▶ [Required work]:
Ignoring pictures, transcribe exactly the lines between the one containing "Street Life Men's" and the end of the material, both included.

▶ [Dataset extract]:
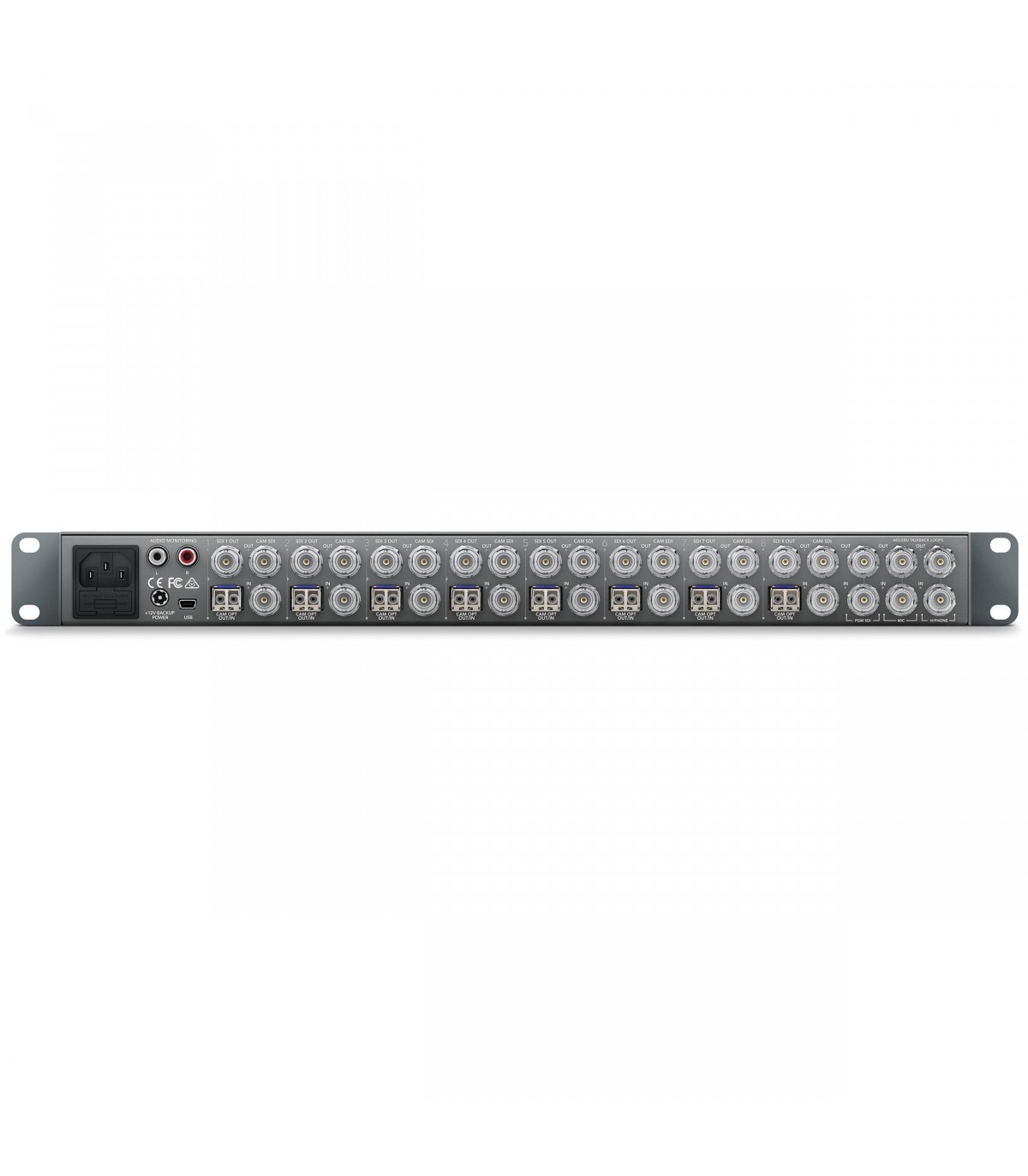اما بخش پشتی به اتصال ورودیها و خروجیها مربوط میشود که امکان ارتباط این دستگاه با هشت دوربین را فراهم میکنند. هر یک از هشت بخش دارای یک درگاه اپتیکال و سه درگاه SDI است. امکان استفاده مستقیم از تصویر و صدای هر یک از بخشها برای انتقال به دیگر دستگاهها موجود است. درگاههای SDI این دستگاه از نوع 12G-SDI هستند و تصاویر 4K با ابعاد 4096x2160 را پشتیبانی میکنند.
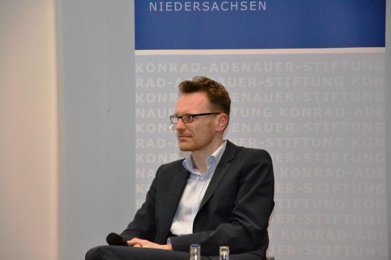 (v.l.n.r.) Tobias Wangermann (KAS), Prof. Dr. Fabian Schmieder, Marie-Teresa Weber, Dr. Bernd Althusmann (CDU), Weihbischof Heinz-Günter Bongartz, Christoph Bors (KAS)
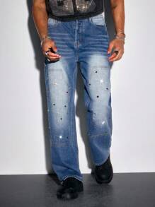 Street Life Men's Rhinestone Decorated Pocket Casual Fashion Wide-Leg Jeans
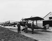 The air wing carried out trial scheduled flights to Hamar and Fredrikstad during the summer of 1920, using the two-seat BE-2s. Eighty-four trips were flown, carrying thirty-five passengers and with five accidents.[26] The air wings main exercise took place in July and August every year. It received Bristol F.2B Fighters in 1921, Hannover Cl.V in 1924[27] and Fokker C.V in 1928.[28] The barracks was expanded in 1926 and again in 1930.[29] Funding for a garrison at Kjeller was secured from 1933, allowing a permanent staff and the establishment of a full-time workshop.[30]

▶ [Exercise output]:
 Street Life Men's Rhinestone Decorated Pocket Casual Fashion Wide-Leg Jeans
 The air wing carried out trial scheduled flights to Hamar and Fredrikstad during the summer of 1920, using the two-seat BE-2s. Eighty-four trips were flown, carrying thirty-five passengers and with five accidents.[26] The air wings main exercise took place in July and August every year. It received Bristol F.2B Fighters in 1921, Hannover Cl.V in 1924[27] and Fokker C.V in 1928.[28] The barracks was expanded in 1926 and again in 1930.[29] Funding for a garrison at Kjeller was secured from 1933, allowing a permanent staff and the establishment of a full-time workshop.[30]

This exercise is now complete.